The shoulder-hand syndrome (SHS) severely impedes the function recovery process of patients after stroke. It is incapable to identify the factors at high risk for its occurrence, and there is no effective treatment. This study intends to apply the random forest (RF) algorithm in ensemble learning to establish a predictive model for the occurrence of SHS after stroke, aiming to identify high-risk SHS in the first-stroke onset population and discuss possible therapeutic methods.

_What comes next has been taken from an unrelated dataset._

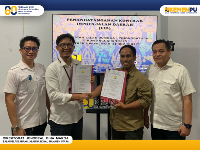 Senin, (24/11/2025). Dalam rangka mendukung program Inpres Jalan Daerah (IJD) Tahap II Tahun 2025, Balai Pelaksanaan Jalan Nasional (BPJN) Sulawesi Utara, Melalui Satker PJN Wilayah II Provinsi Sulawesi Utara, PPK 2.5 melaksanakan penandatanganan kontrak untuk Paket Peningkatan Jalan Dumoga – Pinonobatuan 1 Tahun Anggaran 2025.
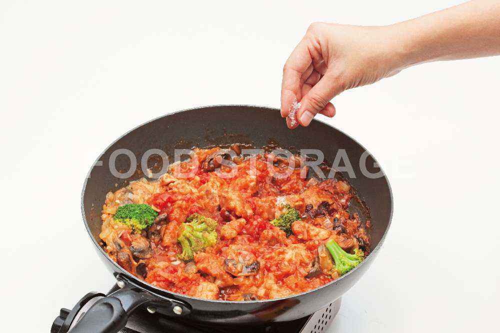 5の鶏肉を戻し入れてホールトマト、Aを加え、軽くトマトをつぶしてふたをし、弱火で10分煮込む。ブロッコリーを加えて5分煮込む |

We retrospectively studied all the first-onset stroke patients with one-side hemiplegia, then 36 patients that met the criteria were included. The patients’ data concerning a wide spectrum of demographic, clinical, and laboratory data were analyzed. RF algorithms were built to predict the SHS occurrence, and the model’s reliability was measured with a confusion matrix and the area under the receiver operating curves (ROC).
A binary classification model was trained based on 25 handpicked features. The area under the ROC curve of the prediction model was 0.8 and the out-of-bag accuracy rate was 72.73%. The confusion matrix indicated a sensitivity of 0.8 and a specificity of 0.5, respectively. And the feature importance scored the weights (top 3 from large to small) in the classification were D-dimer, C-reactive protein, and hemoglobin.
A reliable predictive model can be established based on post-stroke patients’ demographic, clinical, and laboratory data. Combining the results of RF and traditional statistical methods, our model found that D-dimer, CRP, and hemoglobin affected the occurrence of the SHS after stroke in a relatively small sample of data with tightly controlled inclusion criteria.